Introduction To MapReduce

Sometimes datasets are a little larger than what we can easily process on a laptop. In these cases it’s often helpful to harness the power of many machines to do processing of data.

MapReduce

MapReduce is a programming paradigm invented by Google to make it easier to write distributed software using common programming constructs.

In python it’s not unusual to ‘map’ a function across a list:

>>> some_list = ['Hi my', 'name', 'is', 'Stephen Holiday']
>>> map(lambda x: x.swapcase(), some_list)
['hI MY', 'NAME', 'IS', 'sTEPHEN hOLIDAY']

Similarly you can reduce a list by iterating over it and returning a single value each time:

>>> reduce(lambda x, y: x+y, [1, 2, 3, 4, 5]) 
15

It turns out that these two concepts make it very easy for distributive systems to break up tasks. Since each map requires only the current item in the list, the above map operation could have occurred on 4 different machines.

Contrived Example

Let’s say we have a list of a million numbers that we wanted to sum together. Unfortunately they aren’t stored as integers but as strings. Let’s also say that converting these strings to numbers is a really intensive task.

Thankfully we have 4 machines that can do our work for us. In order to harness the power of the machines, we need to some how split up the tasks.

Converting a string to an integer does not require knowledge of the other strings that we wish to convert. It’s an isolated operation to convert the string. This means we can split up the list.

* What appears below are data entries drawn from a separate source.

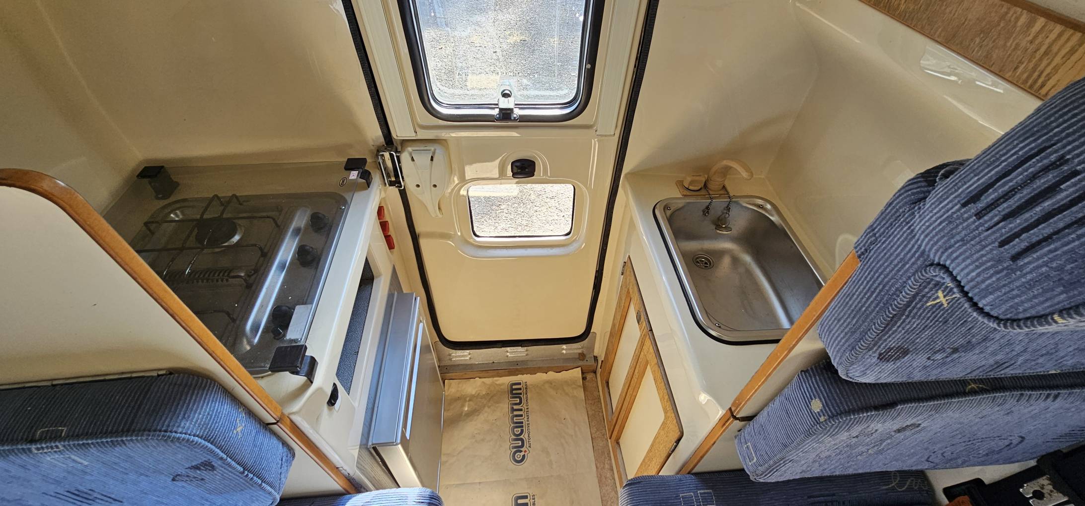 It has an end kitchen with 2 small areas dedicated to hob and sink respectively along with under located grill and 3 way fridge
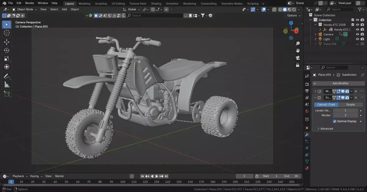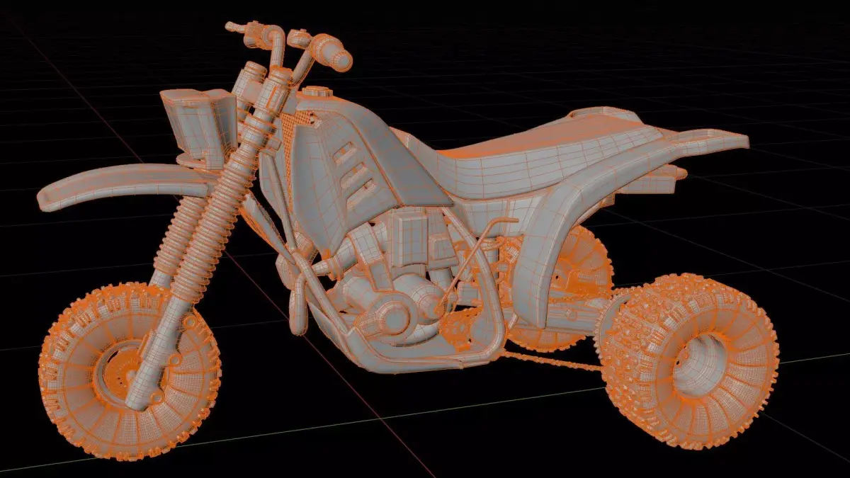 3D model of the 1986 Honda ATC 250R created in Blender. The mesh of the model is mainly quads.
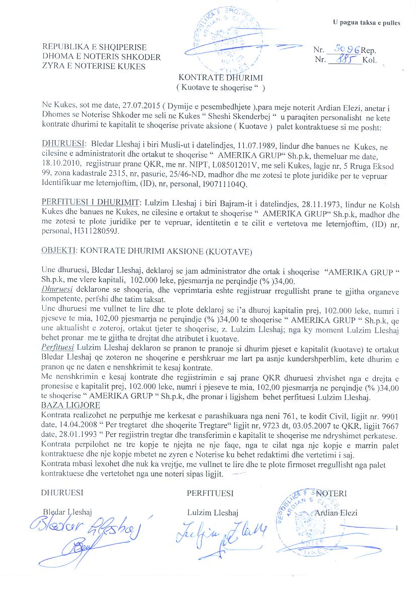 → Ekstrakt Historik i Regjistrit Tregtar date 21.02.2023 → Akt themelimi i Shoqerise → Kontrate Dhurimi Kuotash date 27.07.2015 |
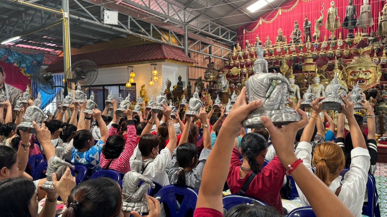 วันที่ 12 กันยายน 2567 ผู้สื่อข่าวรายงานว่า ที่อาศรมฤๅษีเณร ธาตุพุทธคุณ ถนนวงแหวนตะวันตกหมายเลข 9 ต.โพธิ์แตง อ.บางไทร จ.พระนครศรีอยุธยา ประชาชนหลายพันคนได้พาครอบครัวเดินทางมากราบไหว้ "ท้าวเวสสุวรรณ" ปาง 9 หน้า สูง 16 เมตร "พ่อปู่ฤๅษีพรหมเมศ" องค์ใหญ่ที่สุดในโลก "กุมารทองเจ้าสัวเฮง" และสิ่งศักดิ์สิทธิ์ต่าง ๆ ภายในอาศรม เพื่อขอโชค ขอพร ปะพรมน้ำมนต์ และยังได้ให้อาจารย์ฤๅษีเณรเจิมฝ่ามือเปิดดวงเศรษฐี ถวายข้าวสาร ยกพ่อแก่เพื่อความเป็นสิริมงคล โดยระหว่างพิธียกพ่อแก่ หลายคนมีอาการสั่น ร้องไห้ ตะโกน คล้ายอาการของขึ้น
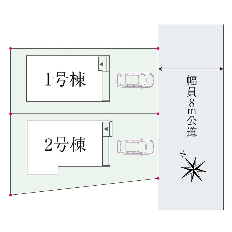 | 駐車場 | 1台 ~ 2台 | 道路の幅員 | 南東側8m公道 |
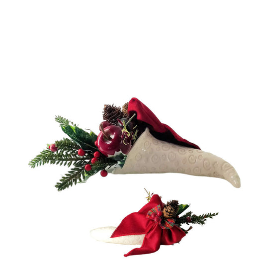 Noel Cornucopia Ceramica Fatta a Mano Natale 23x13 cm
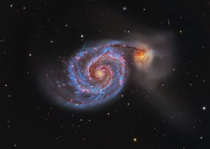M63 interacciona gravitacionalmente con M51 (en la imagen de la derecha), también conocida como la galaxia del Remolino, y varias galaxias de menor tamaño. La luz tarda alrededor de 35 millones de años en llegarnos desde M63 y unos 60 000 años en cruzar la galaxia espiral.
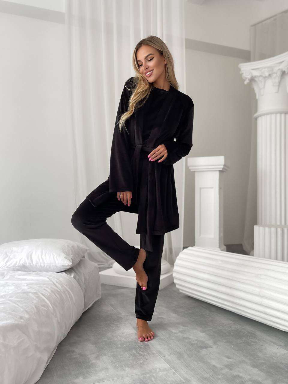 Велюровий домашній комплект трiйка чорного кольору 34540
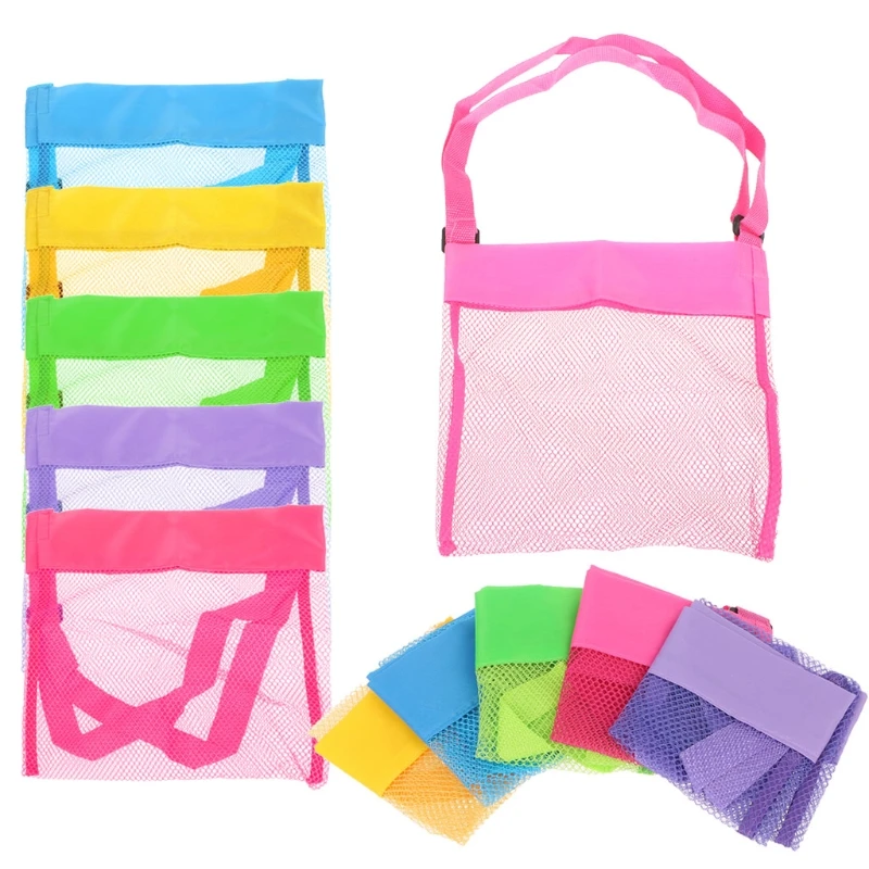 النايلون طوي الشاطئ شبكة حقيبة أطفال ألعاب أطفال تخزين أكياس قذيفة جمع المحمولة
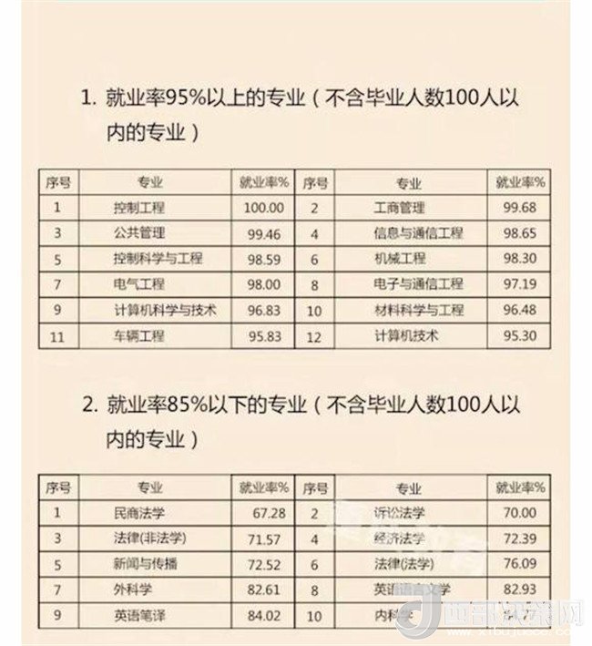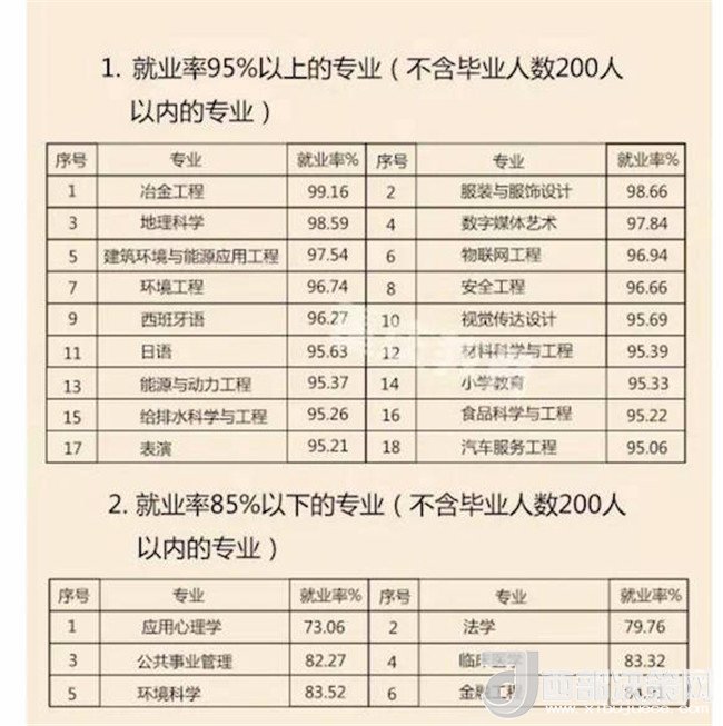 即將畢業(yè),你找到中意的工作了沒?近日,重慶市教委發(fā)布《重慶市2017屆普通高校畢業(yè)生就業(yè)情況報告》。據統(tǒng)計,2017年,全市共有普通高校畢業(yè)生約21.49萬人,截至2017年8月31日,我市2017屆普通高校畢業(yè)生就業(yè)率為89.65%,與2016屆同比上升0.56%。記者了解到,控制工程專業(yè)、藥品質量檢測技術、汽車服務與管理等專業(yè),其就業(yè)率達100%。哪個專業(yè)就業(yè)前景“低調卻奢華”?哪個專業(yè)只是“看上去很美”?趕緊往下看吧!
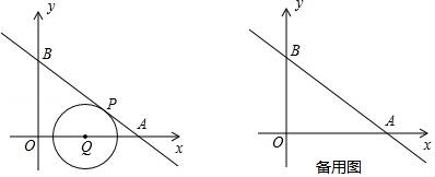 秒.其中点P沿射线AB运动,速度为每秒4个单位长度,点Q沿射线AO运动,速度为每秒5个单位长度.以点Q为圆心,PQ长为半径作⊙Q.
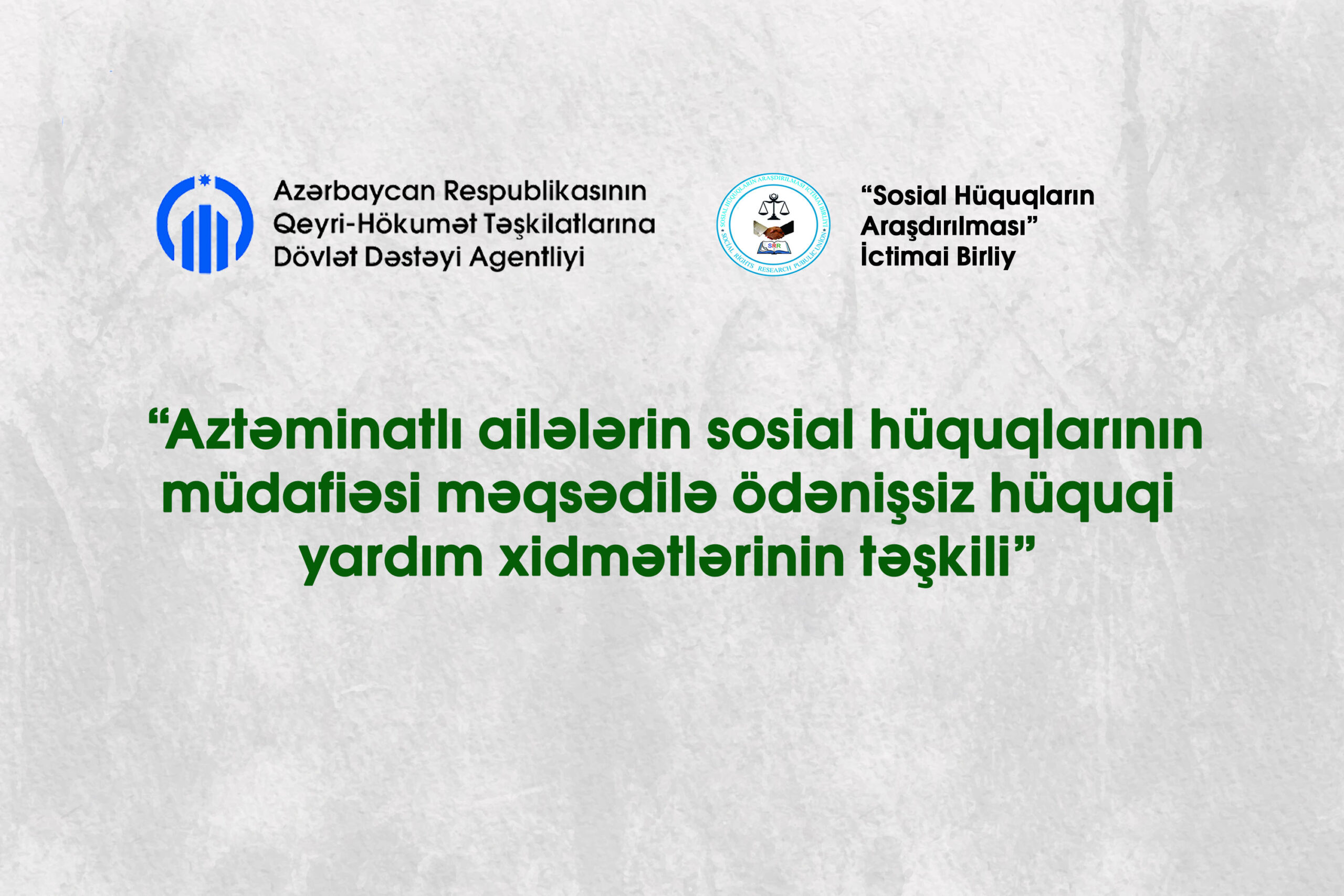 “Sosial hüquqların araşdırılması” İctimai Birliyi Azərbaycan Respublikasının Qeyri-Hökumət Təşkilatlarına Dövlət Dəstəyi Agentliyinin maliyyə yardımı ilə “Aztəminatlı ailələrin sosial hüquqlarının müdafiəsi məqsədilə ödənişsiz hüquqi yardım xidmətlərinin təşkili” adlı layihəsini həyata keçirməyə başlayıb. Layihənin əsas məqsədi əhalinin aztəminatlı və sosial müdafiəyə xüsusi ehtiyacı olan təbəqələrinin sosial hüquqlarla (əmək, tibb, sosial təminat, ailə, təhsil və s.) bağlı məlumatlandırılmasından, regionlarda “Ödənişsiz hüquqi yardım günləri”nin təşkil edilməsindən, vəkillərin, vəkilliyə namizəd olan nümayəndələrin, praktik hüquqşünasların, hüquq fakültəsi tələbələrinin, eləcə də sosial sahədə fəaliyyət göstərən QHT-lərin sosial hüquqlara dair biliklərinin artırılması üçün təlimlərin təşkilindən, sosial məsələlər üzrə hüquq klinikasında benefisiarlara ödənişsiz hüquqi yardım xidmətlərinin göstərilməsinin davam etdirilməsindən ibarətdir.
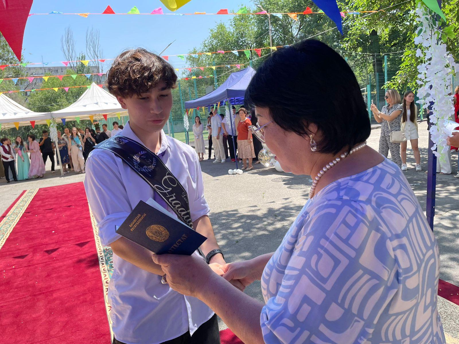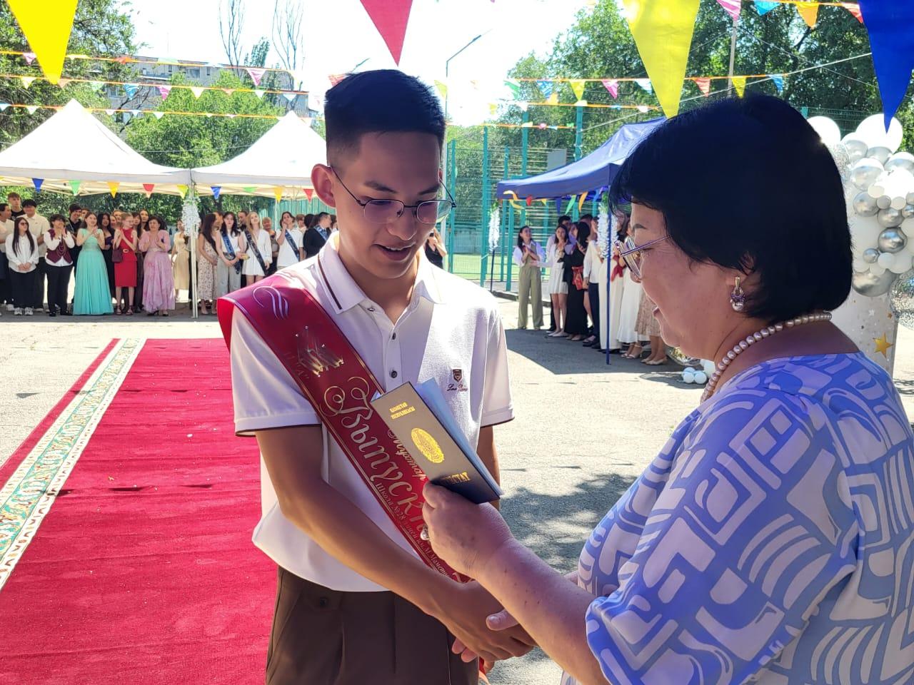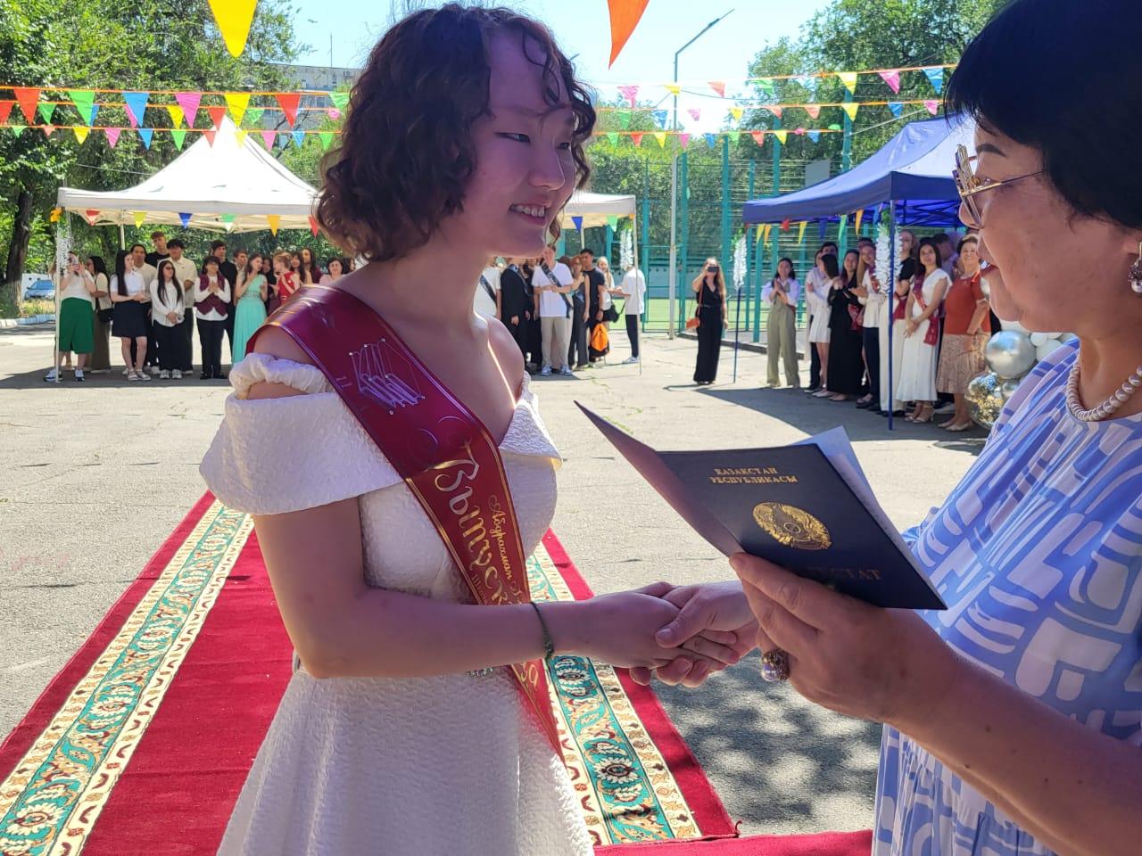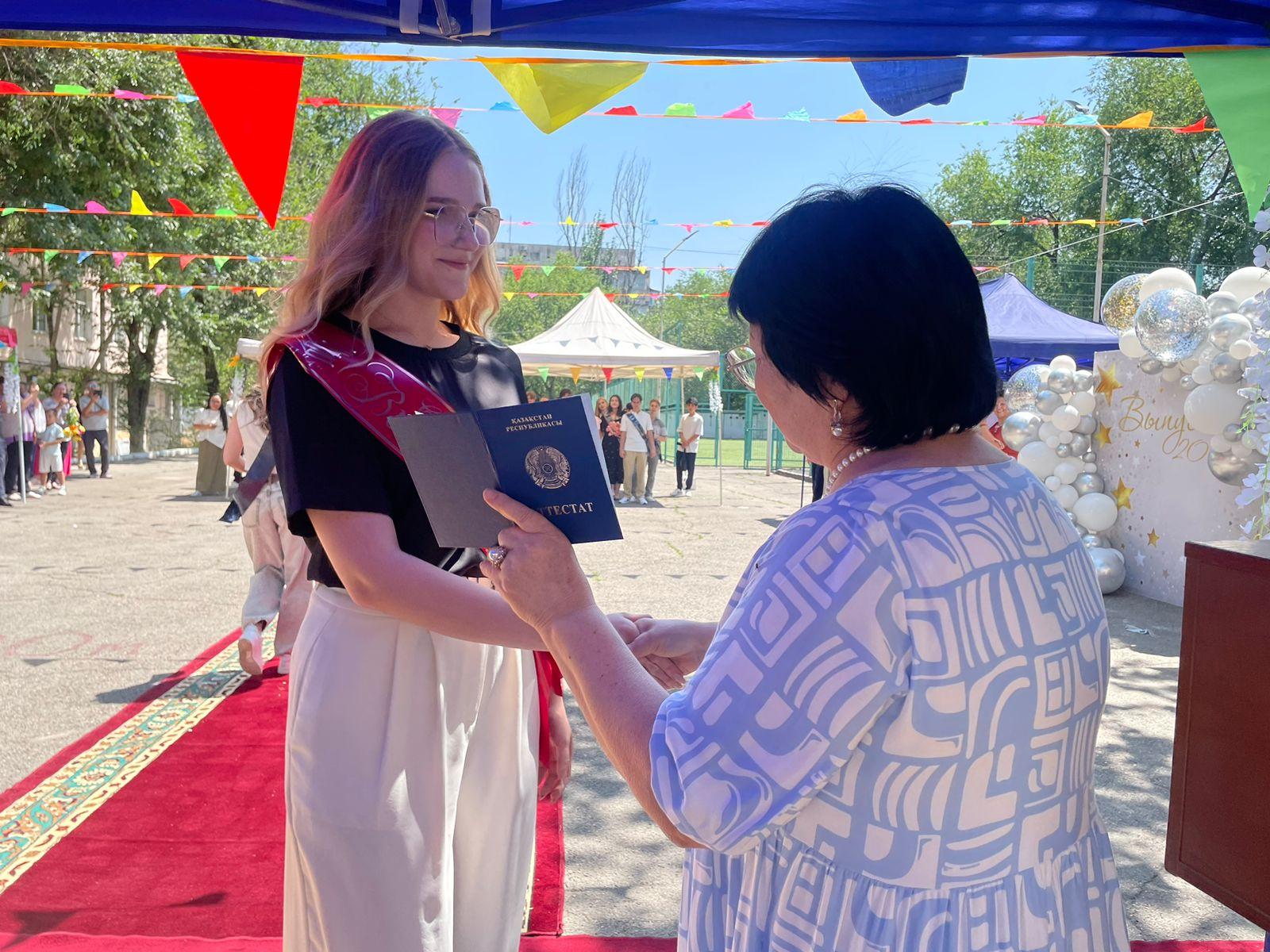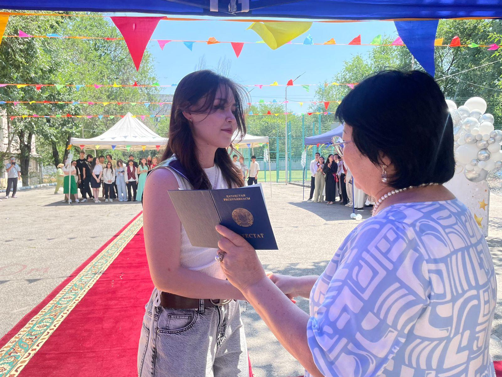 19 июня 2025 года в КГУ «Школа-лицей №28 им.М.Маметовой» состоялось торжественное мероприятие, посвящённое вручению аттестатов выпускникам 2025 года. Этот день – итог огромного пути, наполненного знаниями, трудами, победами и открытиями. Мы с гордостью провожаем наших учеников в новую, взрослую жизнь. Позади школьные годы, впереди – большие мечты, университеты, профессии и новые горизонты! С поздравительным словом к выпускникам обратилась директор Медетбекова А.Т.: «Құрметті мектеп бітіруші түлектер, қадірлі ата-аналар, ұстаздар, қонақтар! Бүгін ерекше салтанатты күн! Сіздерді үлкен өмірге шығарып салғалы отырмыз. Сегодня – особенный день, торжественный и волнительный. Мы провожаем в большую, самостоятельную жизнь наших выпускников – сильных, умных, талантливых и уже таких взрослых. Этот день – не просто итог ещё одного учебного года. Это завершение важного этапа в жизни каждого из вас, дорогие выпускники. За плечами — годы, наполненные трудами, открытиями, победами и, конечно, поддержкой близких. Мы вместе с вами проходили через трудности и радовались успехам. И сегодня вы стоите здесь — уверенные, с горящими глазами, готовые к новому пути. Позади осталась школьная пора – время, когда вы учились не только математике, физике и литературе, но и дружбе, взаимопомощи, ответственности.

We can also note that summing the integers does not actually require knowing about all of the integers at once. We can apply the summing operation multiple times in order to get the right result. Addition is commutative and associative. This means that we can apply the addition in any order we want.

 1 + 2 + 3 + 4 + 5 + 6 + 7 + 8 + 9 + 10
=(1+2) + (3+(4+5)) + 6 + ((7+8) + (9+10))
etc...

We could use a worker queue or something similar, but that really requires a lot of customization. Using a MapReduce infrastructure, we can easily deploy new jobs to the cluster.

Map

So our map function could be:

def map_convert_to_int(input_string):
    return int(input_string)

Now, let’s say we had some distributed map reduce framework (cough hadoop), it could break up the list and send a portion of the list to each machine.

For simplicity, we’re only going to use the numbers 1-10, but this can easily be expanded.

list=['1','2','3','4','6','7','8','9','10']
machine_1_list=['2','1','7']
machine_2_list=['10','6']
machine_3_list=['3','5']
machine_4_list=['9','4','8']

So as you can see, each machine gets some subset of the list. The machine doesn’t care which ones it gets, the order, or the size since each map operation is independent.

Once each machine gets it’s list, (or as soon as it receives it’s first item) it can start running the map function. Each machine now has a list of integers.

Reduce

Now we need to sum up the numbers.

Our reducer could look like this:

def reduce_sum(accumulator,new_value):
    return accumulator+new_value

This would be run against the list, with an accumulator value. Since addition is commutative and associative, it doesn’t matter what subset or order we run the reducer.

So, each machine could run the reducer on it’s own list currently stored in memory and return the single sum. Then the master machine that started the job could just run the reducer on the list of results it got back.

Tada! Simple distributive programming.

Conclusion

This article covers the basics of MapReduce. Different implementations have different additional features, but the basics are still there.

This article is just an introduction and later I will write more articles on practical uses of MapReduce.

I hope this was interesting to you, let me know what you think.